Single by the Notorious B.I.G.

from the album Life After Death
- A-side: "Sky's the Limit"
- B-side: "Kick in the Door"
- Released: November 18, 1997
- Recorded: 1995
- Studio: Daddy's House Recording Studios (New York City)
- Genre: G-funk
- Length: 5:07
- Label: Bad Boy; Arista;
- Songwriters: Christopher Wallace; Osten Harvey Jr.; Roger Troutman;
- Producer: Easy Mo Bee

The Notorious B.I.G. singles chronology
| "Been Around the World" (1997) | "Sky's the Limit" / "Going Back to Cali" (1997) | "Victory" (1998) |

= Going Back to Cali (The Notorious B.I.G. song) =

"Going Back to Cali" is a song recorded by American rapper the Notorious B.I.G. from the album Life After Death.
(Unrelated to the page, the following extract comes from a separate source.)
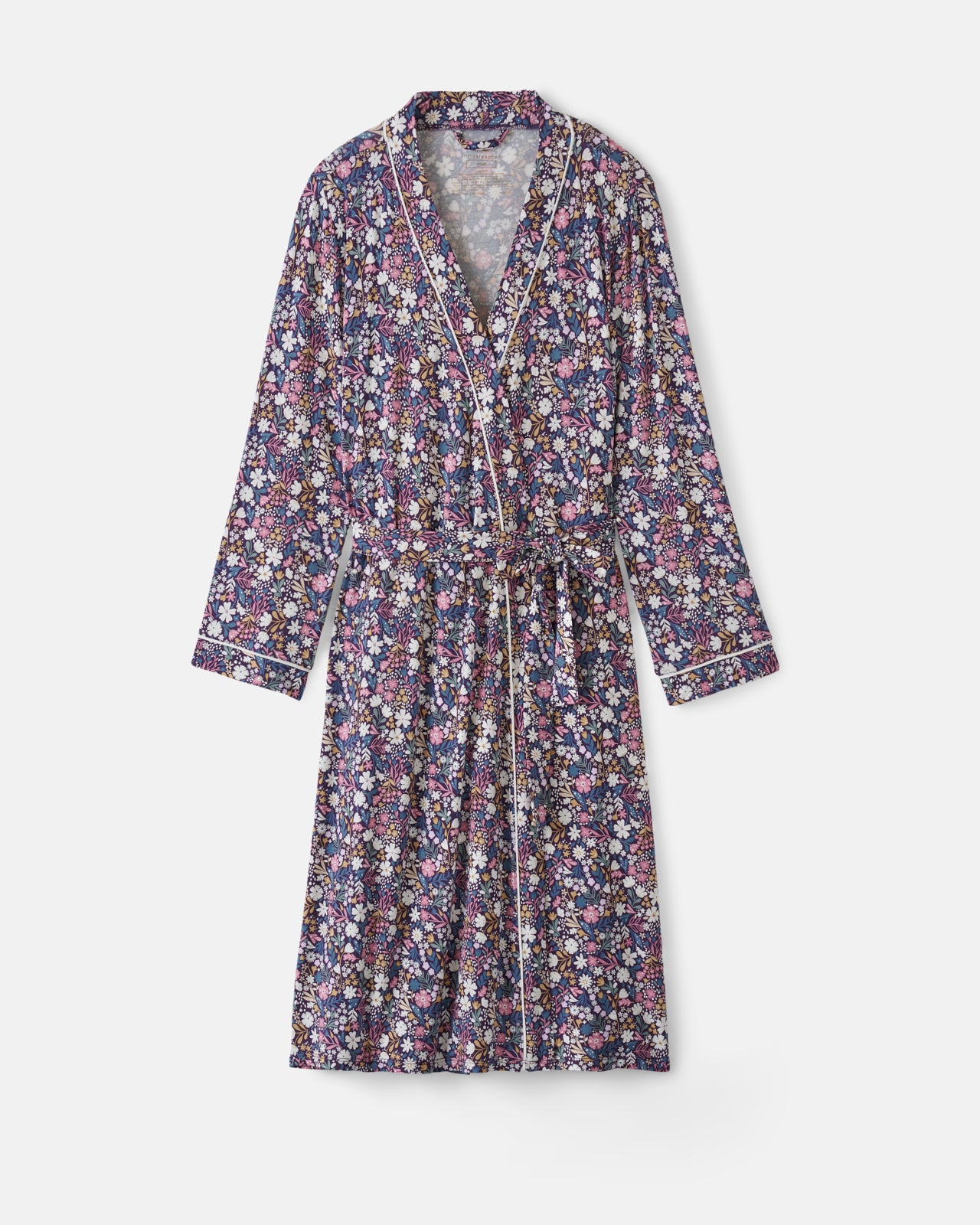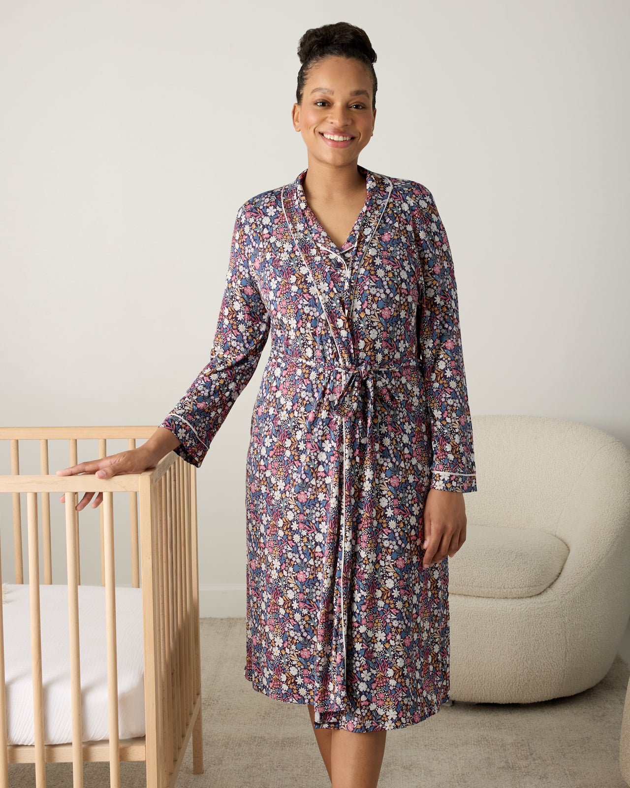 A must-have for mama! This silky soft bamboo floral Robe features a relaxed silhouette with a removable belt and inner tie closure for the perfect fit. The tiny blooms add timeless charm. while two side pockets keep your essentials close. With its tagless design. this dreamy robe is perfect for hospital homecomings. slow Sunday mornings. and matching with your little blossom.

It was produced by Easy Mo Bee and contains a sample of Zapp's "More Bounce to the Ounce". It's a play on LL Cool J's 1988 hit with the same song name.

==Charts==
===Weekly charts===

| Chart (1997–1998) | Peak position |
|---|---|
| US Billboard Hot 100 | 26 |
| US Hot R&B/Hip-Hop Songs (Billboard) | 31 |
| US Hot Rap Songs (Billboard) | 3 |
| US R&B/Hip-Hop Airplay (Billboard) | 51 |

==Certifications==

| Region | Certification | Certified units/sales |
| New Zealand (RMNZ) | Gold | 15,000^{‡} |
^{‡} Sales+streaming figures based on certification alone.